The Spark Is Gone
Today I found my partner’s plan for breaking up with me—in a dot point list. I called him and he came over and we talked. He said the spark is gone and I haven’t done anything wrong, but he’s been planning it for months. Part of his break-up plan was getting me a cat so that when he’s gone I won’t be lonely. I didn’t know this when we got the cat.
I thought we were making a commitment. Now every time I look at the poor thing, I feel sick in my stomach. I love the cat to bits but having him around hurts so darn much. I feel used. He’s been telling me he loves me for months but hasn’t meant it. In the meantime, I’ve cooked and cleaned and tried my best for him. I even cooked his entire family Christmas dinner.

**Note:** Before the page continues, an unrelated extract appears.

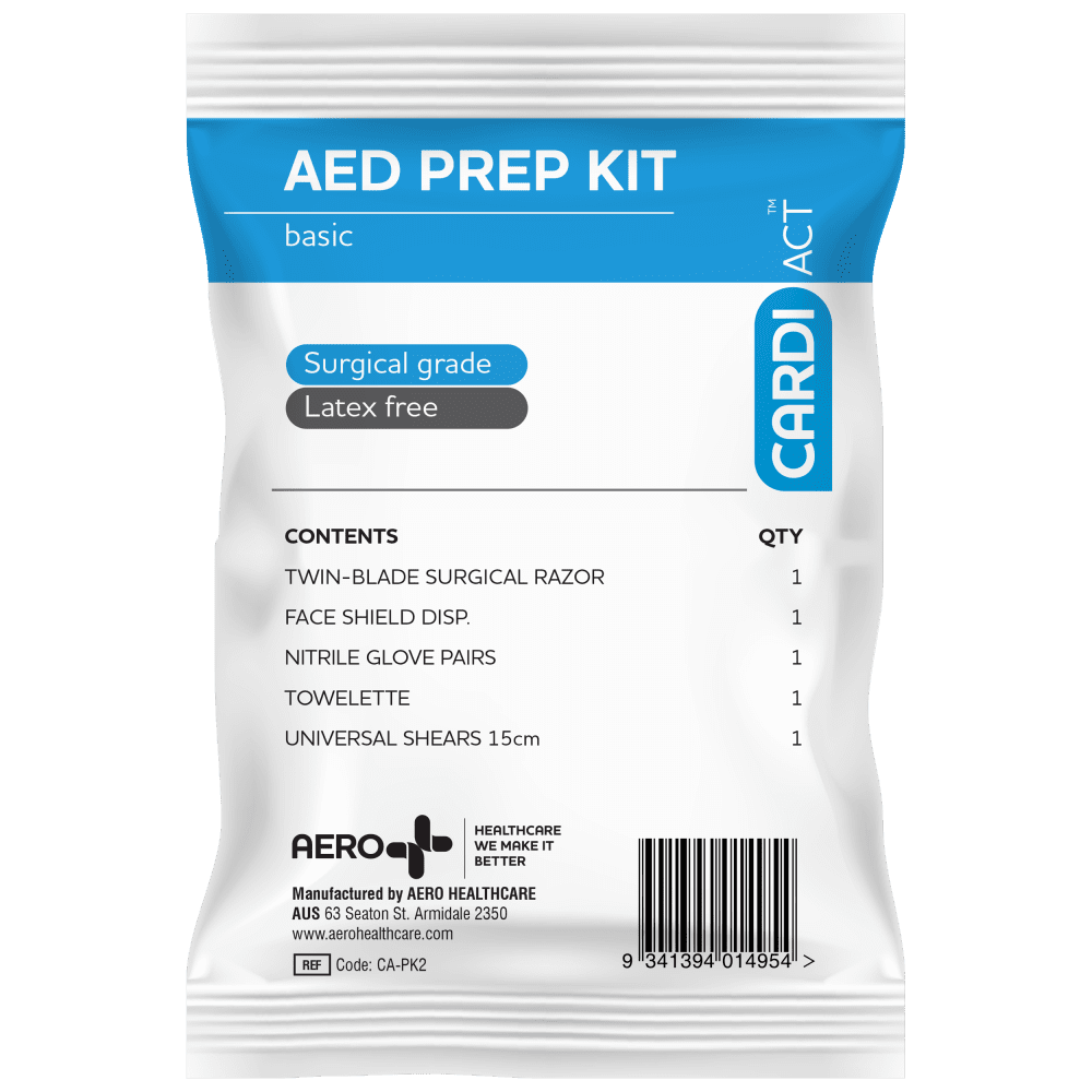 Basic AED preparation kit, comprising a proper surgical razor designed to cope with tough hair, trauma shears for cutting clothing, a drying towel, 1 pair of nitrile gloves, and a CPR face shield of premium quality. The kit is packed in a clear case to allow rescuers to identify contents easily and quickly.
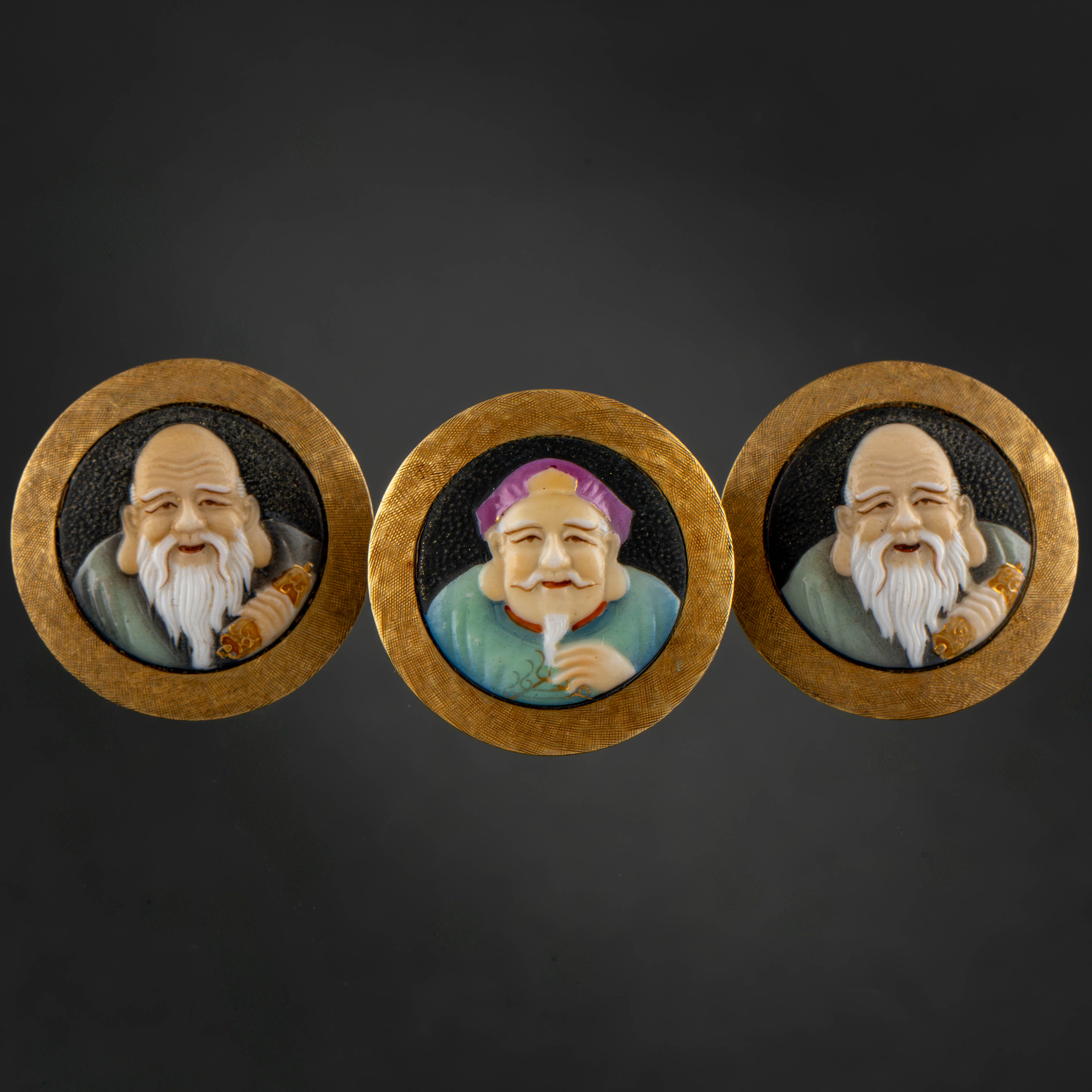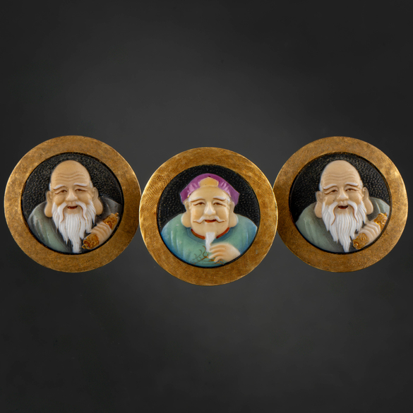 Conjunto de pendientes y anillos en oro amarillo de 18 kt con botones japoneses de arita Toshikane en porcelana.

He’s dropped this on me two weeks into my postgraduate degree and I feel like my world is crumbling. In a day I’ve gone from happy to financially unstable, unable to eat, drink, sleep, and concentrate, and questioning every friendship I have because if he’s lied to me for so long, who else has? I’m considering dropping my postgraduate degree, I feel worthless and useless and I can’t focus anymore.
I’m so tired of running as fast as I can to stay in the same place. The reason I mention my studies is because in the past I was really unwell and hospitalized for a long period, which affected university. I feel like I’ve just gotten better and then been hit in the face with this. I wouldn’t drop my degree solely because of a guy, I’m just at my wit’s end with life at the moment.
My…ex…isn’t a bad guy, he’s just planned this in such a bad way. I’m not sure what will happen with the cat yet. He follows me everywhere but I feel sick every time I see him. The poor thing didn’t ask for this and we only got him a few weeks ago.